Say I have a class A that creates class B. Class B depends on class C and class C depends on class D. Who should be responsible for creating class D?

You’re jumping steps. Consider a set of conventions optimized for loose coupling and exception safety. The rules go like this:

• R1: if A contains a B, then the constructor of A receives a fully constructed B (i.e. not “B’s construction dependencies”). Similarly, if B’s construction requires a C, it will receive a C, not C’s dependencies.

• R2: if a full chain of objects are required to construct an object, the chained construction is extracted/automated within a factory (function or class).

Code (std::move calls omitted for simplicity):

struct D { int dummy; };
struct C { D d; };
struct B { C c; }

struct A { B make_b(C c) {return B{c}; };

In such a system, “who creates D” is irrelevant, because when you call make_b, you need a C, not a D.

Client code:

A a; // factory instance

// construct a B instance:
D d;
C c {d};
B = a.make_b(c);

Here, D is created by the client code. Naturally, if this code is repeated more than once, you are free to extract it into a function (see R2 above):

B make_b_from_d(D& d) // you should probably inject A instance here as well
{
    C c {d};
    A a;
    return a.make_b(c);
}

There is a natural tendency to skip the definition of make_b (ignore R1), and write the code directly like this:

struct D { int dummy; };
struct C { D d; };
struct B { C c; }

struct A { B make_b(D d) { C c; return B{c}; }; // make B from D directly

In this case, you have the following problems:

• you have monolithic code; If you come to a situation in client code where you need to make a B from an existent C, you cannot use make_b. You will either need to write a new factory, or the definition of make_b, and all the client code using the old make_b.

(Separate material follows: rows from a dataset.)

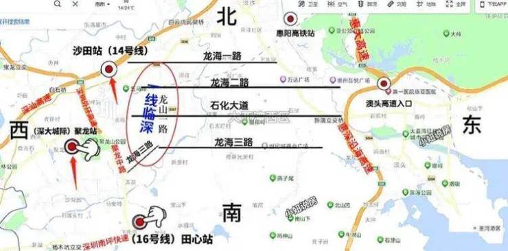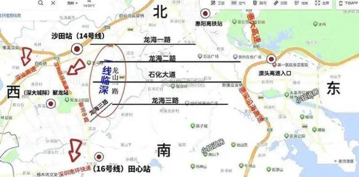 除此之外,这里还靠近深圳坪山的高新产业园区,门口就是大亚湾最早的一条主干道石化大道,走路100米即可到深圳地界,石化大道无缝连接锦绣路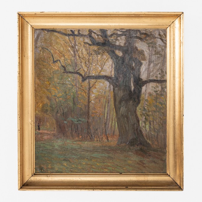 Olie på lærred. Parti med efterårsskov med guldbemalet ramme. signeret.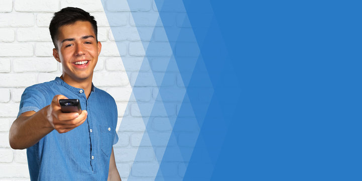 Hand holding remote control while changing channels on modern smart television in cozy living room with colorful blurred screen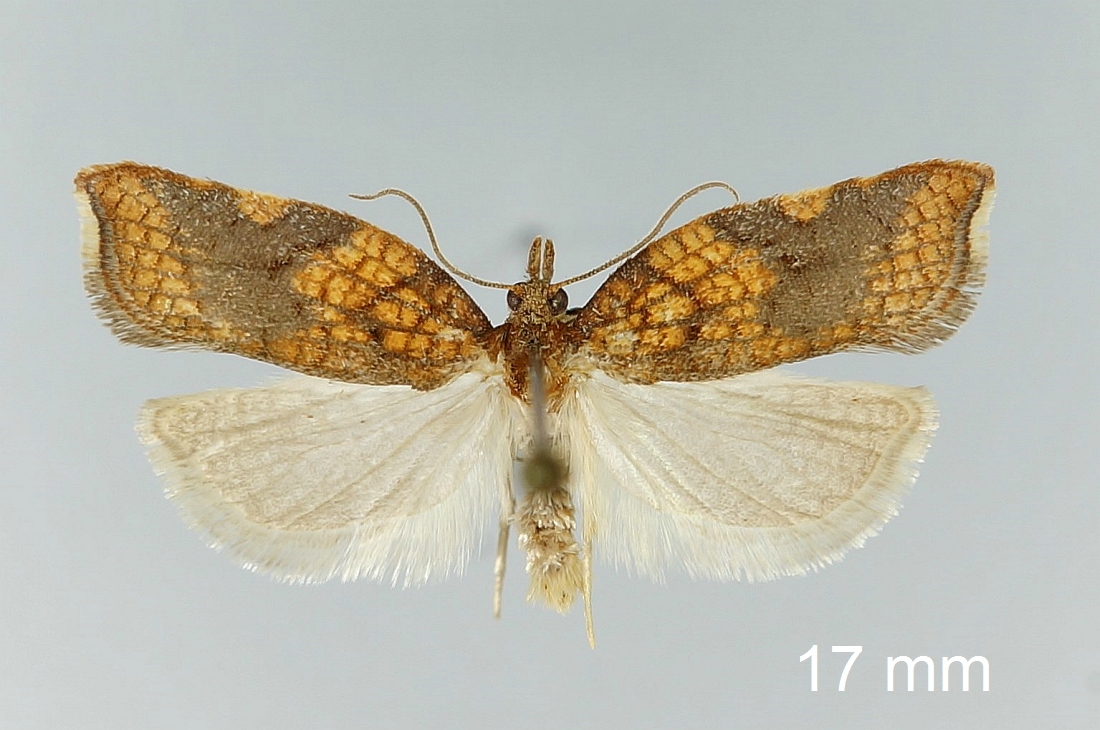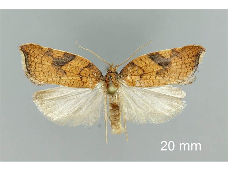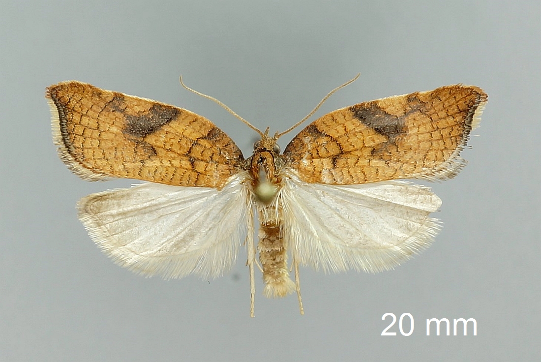 Die Larven von Acleris rhombana fand ich im Mai an vielerlei Gehölzen wie Weißdorn, Wildbirne, Vogelkirsche, Schlehe und Eberesche. Die Falter erscheinen dann erst im Spätsommer ab Ende August. (F. Graf)
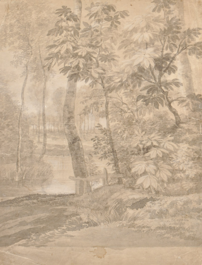 Acquerello, 43 x 33,5 cm, strappi laterali, tracce di colla, macchie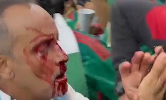 Horrific moment bloody Argentina fan is led away from stands following brawl with Mexico supporters as the two nations faced off at World Cup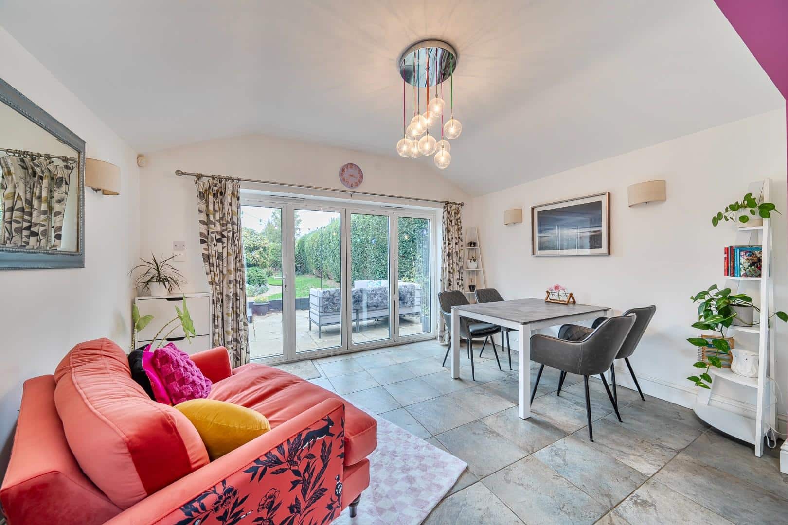 Double glazed Bi-fold doors to rear aspect. Tiled flooring with underfloor heating. Vaulted ceiling. Three wall light points.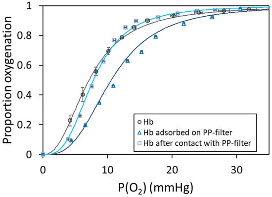 Oxygen binding curves: native hemoglobin (gray circles), hemoglobin adsorbed on the polypropylene filter (PP-filter) (light blue squares), and hemoglobin after contact with the PP-filter (dark blue triangles) in 0.1 mol.L−1 phosphate buffer pH 7.4. The fit using the Hill equation is shown (solid lines).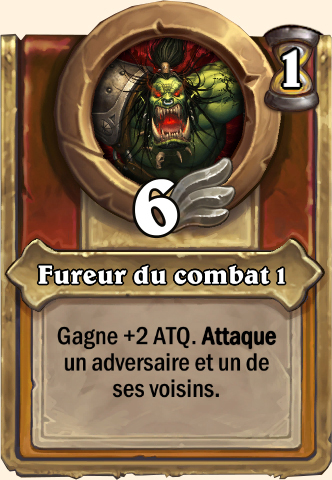 Fureur du combat Gagne +4 ATQ. Attaque un adversaire et un de ses voisins Gagne +6 ATQ. Attaque un adversaire et un de ses voisins Gagne +7 ATQ. Attaque un adversaire et un de ses voisins Gagne +8 ATQ. Attaque un adversaire et un de ses voisins |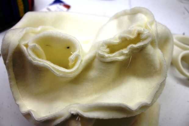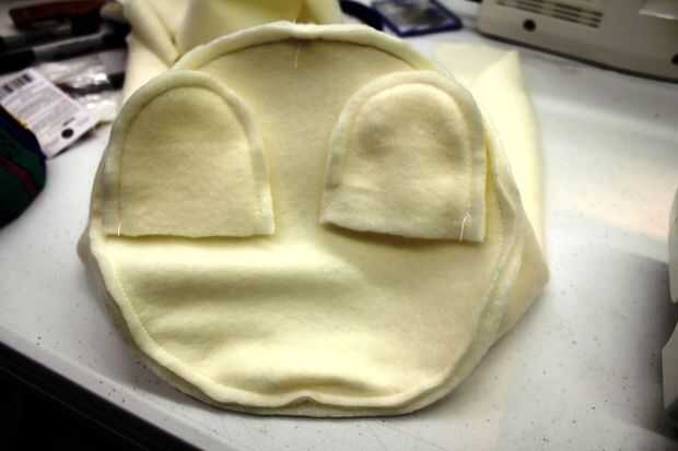 Las orejas en esta imagen son un poco más grandes que la que se incluye en el patrón. Para asegurarse de que los agujeros son del tamaño correcto, tirón de orejas, por lo que son "el lado derecho hacia fuera." Esto es lo que voy cosiendo en. Corte sus agujeros (sólo en una parte del sombrero, dejar al otro solo por ahora), teniendo en cuenta que la costura de la "Principal de la aleta" para actuar como un marcador en la parte posterior del sombrero.

• Your view of dependencies is muddled when you look at the source: Now, by looking at the source you get to think that you need a D instance, when in fact you may just need a C.

Example:

void sub_optimal_solution(C& existent_c) {
    // you cannot create a B here using existent_C, because your A::make_b
    // takes a D parameter; B's construction doesn't actually need a D
    // but you cannot see that at all if you just have:
    // struct A { B make_b(D d); };
}

• The omission of struct A { B make_b(C c); } will greatly increase coupling: now A needs to know the definitions of both B and C (instead of just C). You also have restrictions on any client code using A, B, C and D, imposed on your project because you skipped a step in the definition of a factory method (R1).

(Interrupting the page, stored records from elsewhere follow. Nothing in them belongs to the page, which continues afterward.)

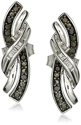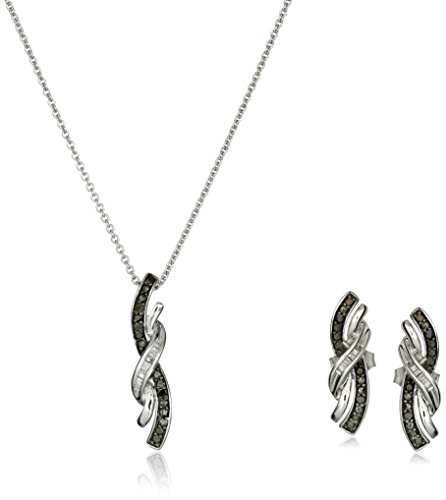 Twists of sterling silver accented by black and white diamond stones create this striking pendant and stud earring set. A wonderful gift idea.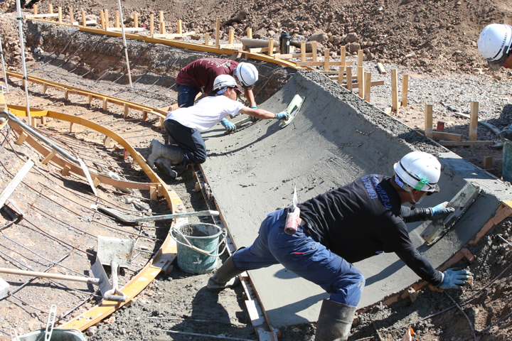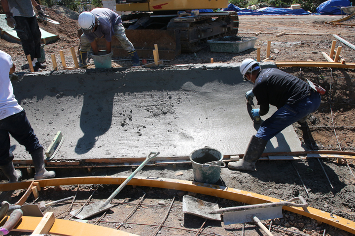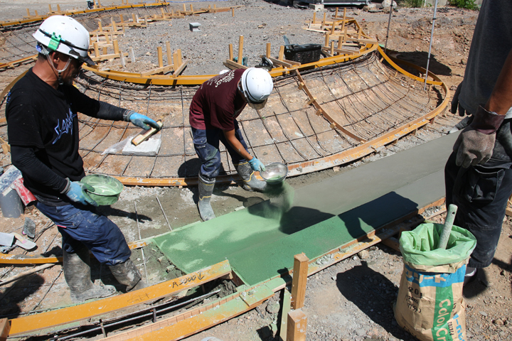 K: カラークリートはうちの渡辺班とか山田班はやったことがあるんですけど、吉澤班は初めてなんですよ。だからまず練習をして自分たちのやり方でやってもらった感じです。最初はコンクリートに色を混ぜるだけのタンクを用意しようという案もあったんですけど、そういう使い方をすると最終的にタンクを捨てることになっちゃうんで…。その請求を出すのは心苦しいな…と。かなりの金額がかかるんで(笑)。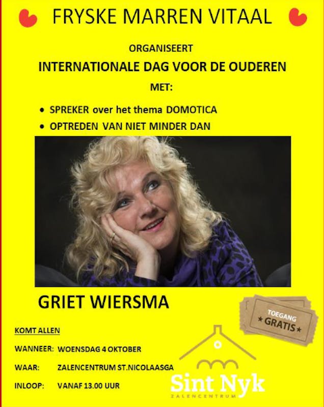 ‘Fryske Marren Vitaal’, vereniging van ouderen, voor ouderen, door ouderen, zal op 4 oktober a.s. de viering van de Internationale Dag voor Ouderen organiseren. Deze dag, bedoeld voor alle ouderen in de gemeente ‘De Fryske Marren’ is gratis toegankelijk.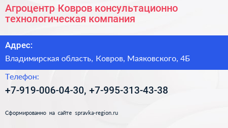 Агроцентр-Ковров, консультационно-технологическая компания по адресу Владимирская область, Ковров, Маяковского, 4Б в дальнейшем Организация, размещена в следующих категориях: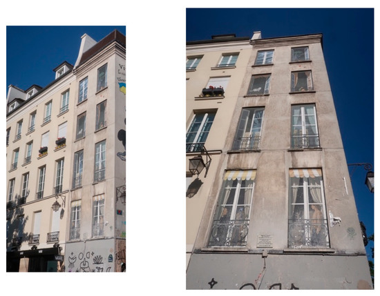 An example of a trompe-l’œil painting emulating a façade with windows (the two rows of windows on the right are not real, as can be seen in the close-up in the right image). This is on a building near the Centre Pompidou in Paris.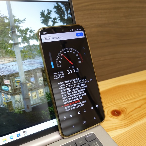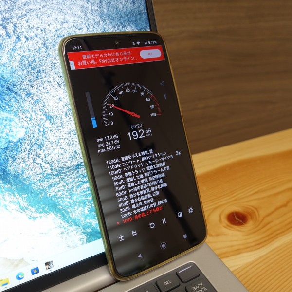 ファンの音をスマホの騒音計アプリで計測してみました。 ネットを見るなど一般的な使い方をしているとき、通常はファンの音が聞こえず、18-22dB程度で静か。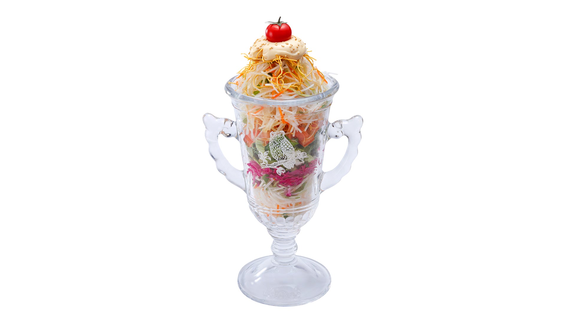 サイドメニュー人気No.1のびっくりフライドポテトLサイズを2倍量にした「ガリバーフライドポテト」と、オリジナルブレンドのスパイスでちょっぴり刺激的に仕上げた「ガリバースパイシーポテト」。さらに今しか食べられない「ガリバーサラダ」は、10種類の野菜を使用し、パリパリ麺の新食感が愉しめる高さ25センチの巨大グラスに入れて提供いたします。オリジナルドレッシングとマヨネーズ風ドレッシング2層の味が全体に行き渡り、紫キャベツピクルスの酸味と甘味がアクセントになっています。

TLDR: In short, do not pass the outermost dependency to a factory, but the closest ones. This makes your code robust, easily alterable, and renders the question you posed (“who creates D”) into an irrelevant question for the implementation of make_b (because make_b no longer receives a D but a more immediate dependency – C – and this is injected as a parameter of make_b).

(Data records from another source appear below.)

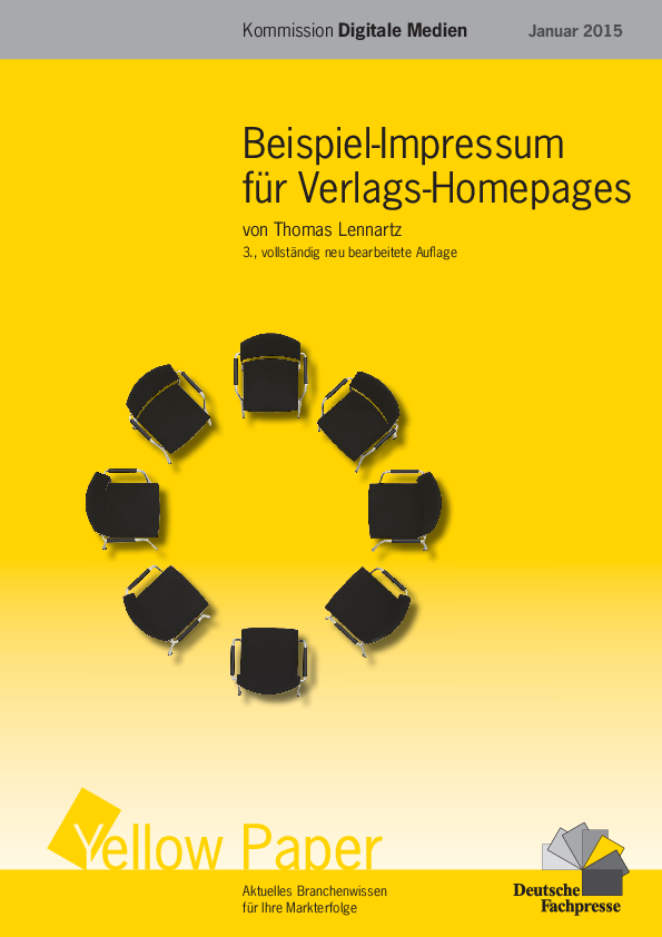 Das aktualisierte Yellow Paper der Kommission Digitale Medien"Beispiel-Impressum für Verlags-Homepages" erläutert anhand eines Praxisbeispiels die grundlegenden rechtlichen Rahmenbedingungen zur Impressumspflicht. Ein eigenes Kapitel gibt Hilfestellung, wie Verlage auch in Social-Media-Auftritten der Impressumspflicht gerecht werden können. Autor des Yellow Papers ist Assessor jur. Thomas Lennartz, Leiter Forschung und Entwicklung im NWB Verlag (Herne) und Mitglied der Kommission Digitale Medien der Deutschen Fachpresse. Die 3., vollständig neu bearbeitete Fassung des in 2007 erstmals erschienenen Yellow Papers umfasst 18 Seiten und steht Mitgliedern der Deutschen Fachpresse kostenlos zur Verfügung.
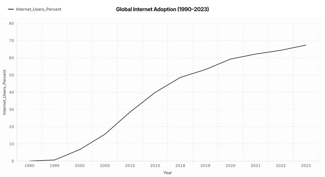 ###🌐**От единиц до 5,4 миллиарда: история интернета в одном графике** Пользователь под ником **Still-Alternative-64** опубликовал на Reddit визуализацию, которая хорошо передаёт масштаб этого сдвига. В 1990-м интернет был уделом буквально единиц. Исследователи, военные, горстка университетов. Прошло три десятилетия — и сегодня сеть охватывает **67,4% жителей Земли**. Это 5,4 миллиарда человек. Интересно смотреть на кривую роста. Первое по-настоящему крутое ускорение — середина 1990-х, когда появились браузеры и веб стал «народным». К 2000 году онлайн вышли около 6% населения — примерно 361 миллион человек. Казалось бы, немного... но это был уже целый новый мир. **Самый взрывной период — примерно с 2005 по 2018 год.** Смартфоны сделали своё дело: интернет перестал требовать компьютера, проводов и технических знаний. Достаточно было просто купить телефон. Именно тогда кривая на графике идёт почти вертикально. После 2018-го рост заметно замедлился. И это логично — «лёгкая» аудитория уже подключена. Те, кто ещё офлайн — это, как правило, жители беднейших стран или труднодоступных районов. В высокодоходных государствах в сети сидят 93% населения. А вот в странах с низким доходом — лишь 27%. Разрыв в 66 процентных пунктов. Впечатляет! За пределами сети остаются **2,6 миллиарда человек**. Треть человечества, если считать грубо. Для них интернет — не данность, а всё ещё привилегия. Мы провели фактчек этого графика — данные сходятся. Первоисточник графика: [база](https://www.itu.int/itu-d/reports/statistics/2023/10/10/ff23-internet-use/) World Bank World Development Indicators. @droidergram
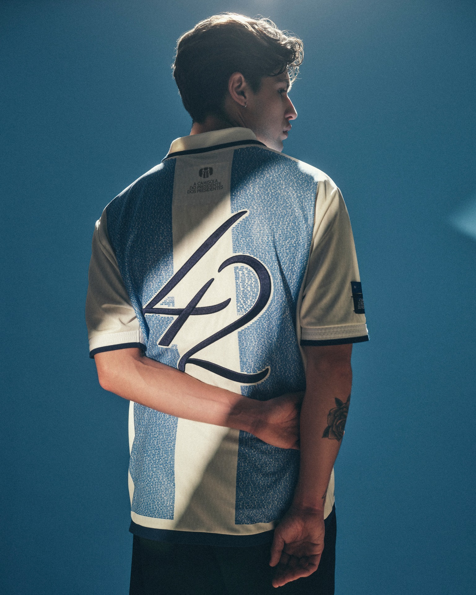 Limited edition to 2,594 units, the new FC Porto jersey adopts a traditional blue and white vertical stripe layout, combined with a classic fold over polo collar and short sleeves. Each blue stripe is constructed from micro text detailing every official title secured during Pinto da Costa’s presidency, referencing the 2,594 trophies won across multiple sports including football, basketball, handball and swimming. The typography forms the visual texture of the stripes, embedding the club’s honours directly into the fabric design.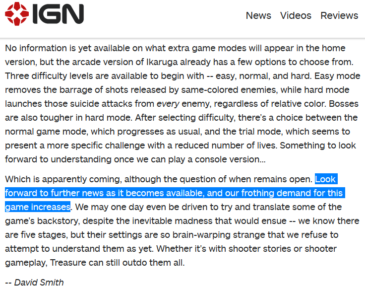 Many of you know of the "our frothing demand for this game increases" meme (right) but not necessarily aware its original context was a sarcastic half-sentence from a 2002 news article that isn't even a review (left, https://www.ign.com/articles/2002/04/12/ikaruga-2) which makes it even more pathetic.

There is a DI framework for C++ (still under development AFAIK): Boost.DI.

There are some useful comments about the framework on reddit.

Who should be responsible for creating class D?

Every time the question like that pops up, it indicates a dependency to inject. The whole idea is to “delegate” responsibility outside of the object that seems to be having a problem figuring how to handle it.

Using your example, since class A doesn’t seem to possess sufficient “knowledge” to figure how to create D, you invert the control and expose this as a dependency needed for class A, by making it require a factory that knows how to create instances of class D.